Multi-country Interviewer Survey
This study interviewed enumerators collecting data for 8 IPA phone surveys (11 survey waves). The interviewer survey collects data on the interviewers' interviewers’ demographics, work experience, soft skills, cognitive abilities, and technological skills. These are linked to the data they collected, and to data quality measures, to evaluate the effect of interviewer characteristics, respondent characteristics, and respondent-interviewer interactions on data quality.

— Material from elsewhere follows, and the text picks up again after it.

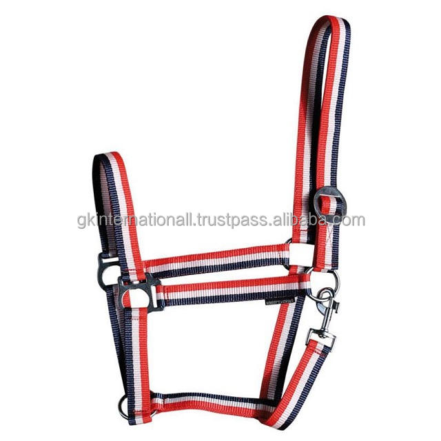 Colorful Adjustable Nylon Horse Halter in Red White Blue Combination Nylon Webbing Horse Halter with Solid Brass Hardware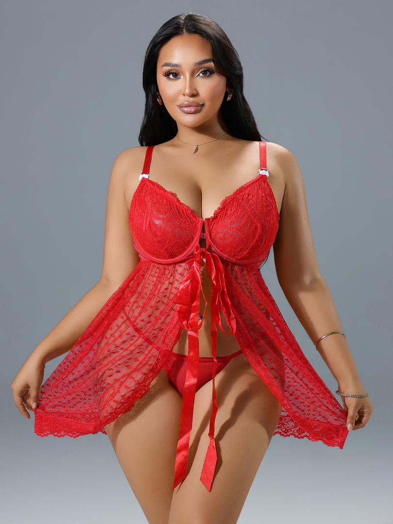 Czerwona Koronkowa Koszula Nocna Plus Size z Fiszbinami i Satynową Kokardą - XL

Interviewer Effects Using Existing Data
Comparing survey and backcheck data from multiple completed GPRL and IPA studies, this study examines variation in data that may arise from differences in data quality based on interviewer characteristics, respondent characteristics, and respondent-interviewer interactions.
Behavioral Messaging to Improve Phone Survey Response Rates and Panel Retention
There has recently been growing interest in mobile phone surveys in low- and middle-income countries, but the efficacy of methods for improving response rates is not as well-known as it is for the US and Europe. This study randomizes the use of pre-survey text messages and the type of appeal made in the content of the text, to improve phone survey response rates and panel retention. The variation in the content of the text messages include appealing to a respondent’s civic motivation, self-interest with reminders about monetary compensation, and sharing important findings from previous rounds for panel surveys. The experiment is conducted in 11 random-digit dial (RDD) surveys in 10 countries, of which 5 are panel surveys.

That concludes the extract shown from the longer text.